Kiel Brown

Personal information
- Nationality: Australian
- Born: May 1984 (age 42) Toowoomba, Queensland

Sport
- Country: Australia
- Sport: Field hockey
- Event: Men's team

Medal record
Men's field hockey
Representing Australia
Olympic Games
| Bronze medal – third place | 2008 Beijing | Team |
Champions Trophy
| Gold medal – first place | 2008 Rotterdam | Team |
| Gold medal – first place | 2011 Auckland | Team |
| Gold medal – first place | 2012 Melbourne | Team |
Commonwealth Games
| Gold medal – first place | 2014 Glasgow | Team |
World Cup
| Gold medal – first place | 2010 New Delhi | Team |

= Kiel Brown =

Australian field hockey player

Kiel Brown (born May 1984) is an Australian field hockey player. He earned a bronze medal at the 2008 Summer Olympics and a gold medal at the 2011 Men's Hockey Champions Trophy.

==Personal==
Brown was born in May 1984 in Toowoomba, Queensland. He is from Western Australia. He is currently a university student, at Curtin University where he is studying psychology.

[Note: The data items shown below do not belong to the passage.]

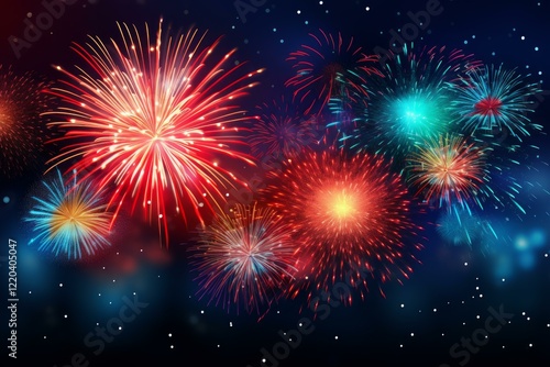 Bright and colorful fireworks exploding against a dark night sky, creating a festive and celebratory atmosphere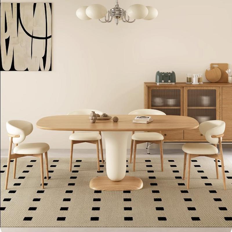 Light luxury marble table,French vintage oval table,Solid wood dopamine modern very simple dining table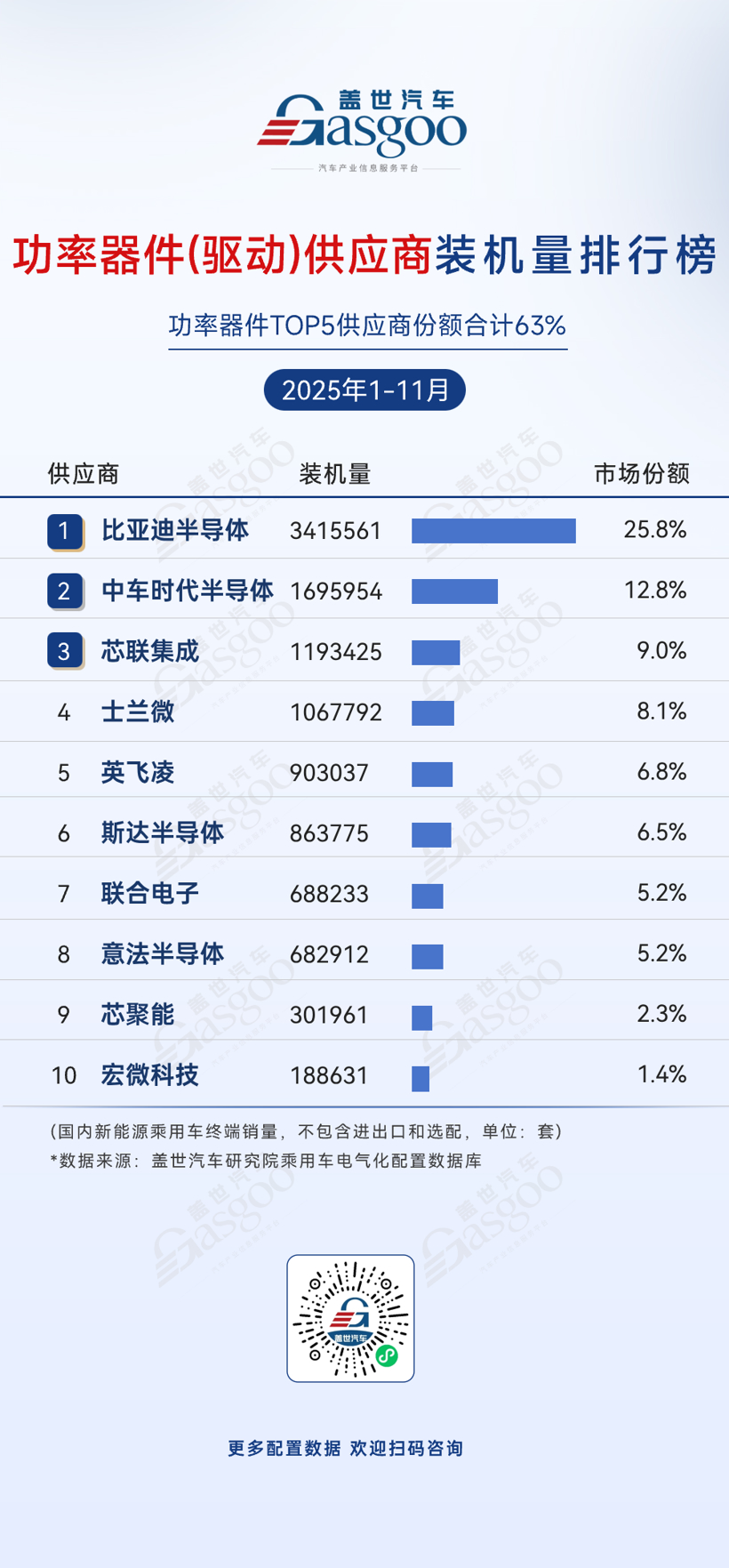 比亚迪半导体,2025年1-11月装机量3415561套,市场份额25.8%。

In 2008, Brown gave a Melbourne-based reporter a tour of the 2008 Summer Olympics athlete quarters. He and his teammates brought blow up toys to the games, including blow up boxing kangaroos and crocodiles. He and his teammates also set up a slushy machine in their area of the athlete village. He was given a welcome pack when he got there that included "body wash, hand sanitiser and a USB drive." It did not contain condoms, an item which had been distributed to 2004 Summer Olympics competitors.

==Field hockey==
Brown is a midfielder.

===Club hockey===
Brown plays club hockey for Wesley South Perth and was with the team in 2007. He played in the 22nd round of the Men's Wizard Home Loans Cup against YMCA Coastal City where his team lost 6–2. He did not compete in the 2007 season finale because he was called up to the national team.

===National team===
Brown's first senior national cap came in 2007 against the Netherlands. He competed in the 2007 Champions Trophy competition for Australia. In December 2007, he was a member of the Kookaburras squad that competed in the Dutch Series in Canberra. In January 2008, he was a member of the senior national team that competed at the Five Nations men's hockey tournament in South Africa. In 2008, he competed at and earned a bronze medal at the 2008 Summer Olympics. These were his first Olympic Games. New national team coach Ric Charlesworth named him, a returning member, and fourteen total new players who had few than 10 national team caps to the squad before in April 2009 in a bid to ready the team for the 2010 Commonwealth Games. In 2010, he won a gold medal at the Delhi hosted World Cup. He and Rob Hammond were considered by team coaches as one of the major contributors to the team in helping them secure their medal. In May 2011, he played in the Azlan Shah Cup for Australia. The Cup featured teams from Pakistan, Malaysia, India, South Korea, Britain and New Zealand. In December 2011, he was named as one of twenty-eight players to be on the 2012 Summer Olympics Australian men's national training squad. This squad will be narrowed in June 2012. He trained with the team from 18 January to mid-March in Perth, Western Australia. In February during the training camp, he played in a four nations test series with the teams being the Kookaburras, Australia A Squad, the Netherlands and Argentina. At the 2014 Commonwealth Games, he was part of the Australian team that won the gold medal.